> **PROBLEM TO WORK ON**
Exactly and only the lines from the first entry through the line with "Give your space" should be copied, both ends included, with no pictures.

─── MATERIAL PROVIDED ───

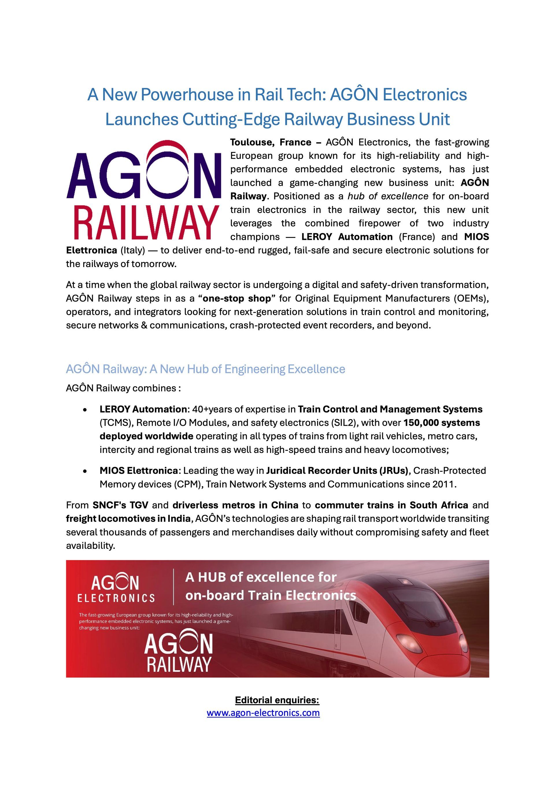 AGÔN Electronics, the fast-growing European group known for its high-reliability and high- performance embedded electronic systems, has just launched a game-changing new business unit: AGÔN Railway. Positioned as a hub of excellence for on-board train electronics in the railway sector, this new unit leverages the combined firepower of two industry champions — LEROY Automation (France) and MIOS Elettronica (Italy) — to deliver end-to-end rugged, fail-safe and secure electronic solutions for the railways of tomorrow.
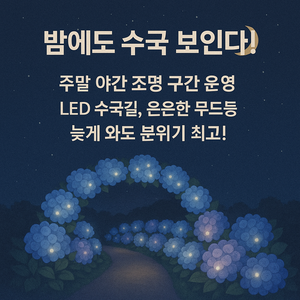 2025년에는 작년에 이어 야간 조명 구간도 확대됩니다. 평일보다는 주말 저녁 시간대에만 운영되는 이 구간에서는 LED 라이트, 간접조명 등을 통해 수국의 색이 더욱 선명하게 연출됩니다.
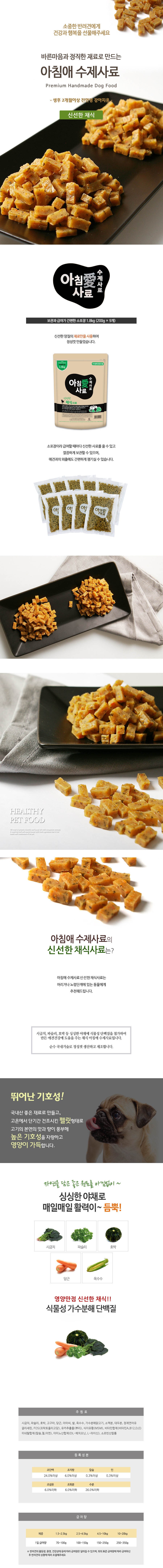 | 품명 및 모델명 | 아침애사료 신선한 채식사료 | 인증/허가 사항 | 사료관리법에 따른 성분등록번호 : 컨텐츠 참조 |
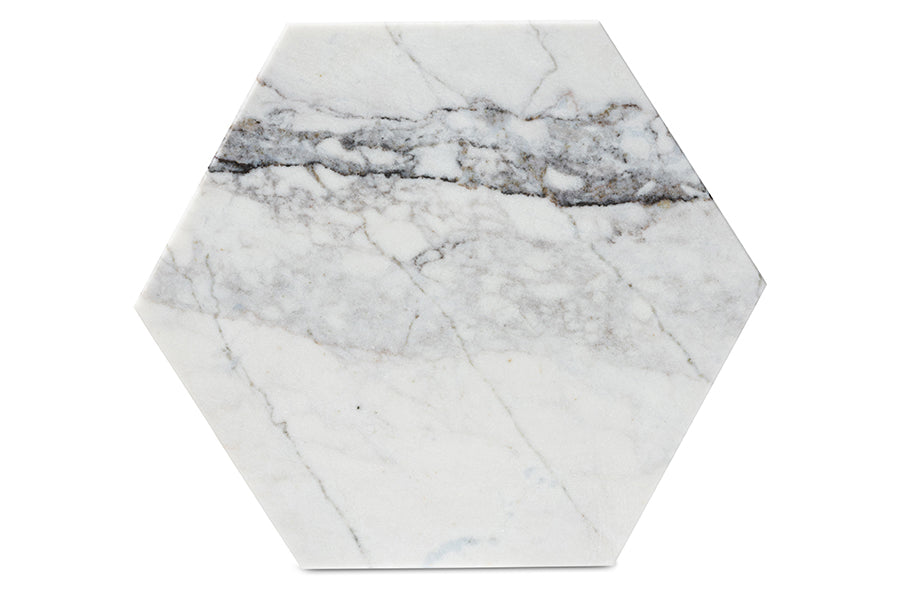 Give your space a beautiful yet practical accent of modern design with the Kalena end table. Made in China, this lovely piece is comprised of a solid metal base topped with a clean marble tabletop. The base features a smooth openwork design that allows light to flow more easily throughout the room. The Kalena will arrive fully assembled and utilizes a hexagon-shaped tabletop with crisp angles that exude geometric charm. A convenient and compact addition, the Kalena injects modern glamour to any interior space.
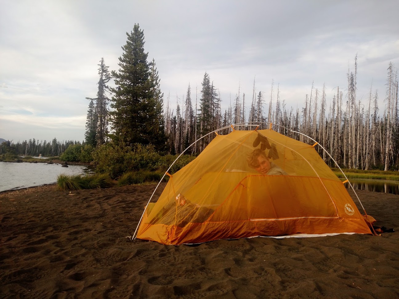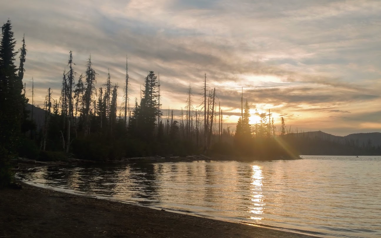 We wandered down to the lake and found a good spot to camp on a beach made of volcanic sand. We could see other PCT hikers dispersed through out the woods and groups of other people camped around the lake while slowly paddling around in quiet boats. We sat for a long time enjoying the sunset and chatting as we often did in camp. Little did I know this would be the last time we would all camp together on trail.
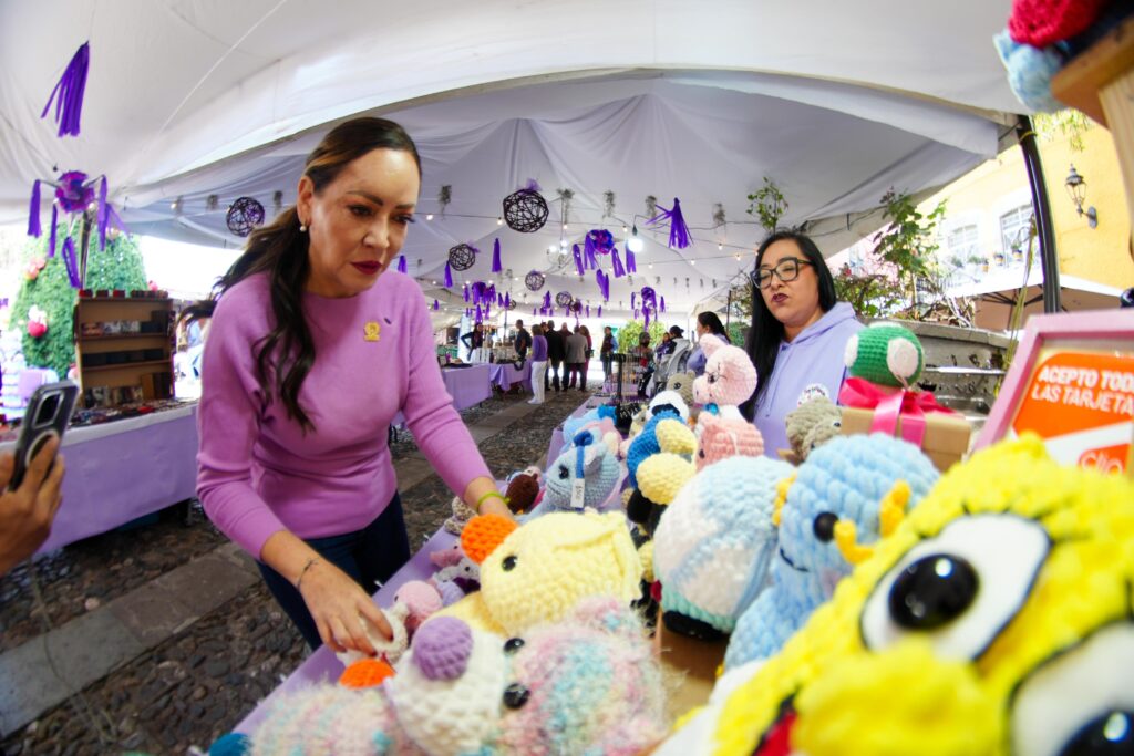 Guanajuato, Gto. Con la participación de 28 mujeres emprendedoras, arrancó el tercer Bazar Violeta, edición navideña, en la Plazuela de San Fernando de Guanajuato Capital.

───

> **EXPECTED OUTPUT**
 AGÔN Electronics, the fast-growing European group known for its high-reliability and high- performance embedded electronic systems, has just launched a game-changing new business unit: AGÔN Railway. Positioned as a hub of excellence for on-board train electronics in the railway sector, this new unit leverages the combined firepower of two industry champions — LEROY Automation (France) and MIOS Elettronica (Italy) — to deliver end-to-end rugged, fail-safe and secure electronic solutions for the railways of tomorrow.
 2025년에는 작년에 이어 야간 조명 구간도 확대됩니다. 평일보다는 주말 저녁 시간대에만 운영되는 이 구간에서는 LED 라이트, 간접조명 등을 통해 수국의 색이 더욱 선명하게 연출됩니다.
 | 품명 및 모델명 | 아침애사료 신선한 채식사료 | 인증/허가 사항 | 사료관리법에 따른 성분등록번호 : 컨텐츠 참조 |
 Give your space a beautiful yet practical accent of modern design with the Kalena end table. Made in China, this lovely piece is comprised of a solid metal base topped with a clean marble tabletop. The base features a smooth openwork design that allows light to flow more easily throughout the room. The Kalena will arrive fully assembled and utilizes a hexagon-shaped tabletop with crisp angles that exude geometric charm. A convenient and compact addition, the Kalena injects modern glamour to any interior space.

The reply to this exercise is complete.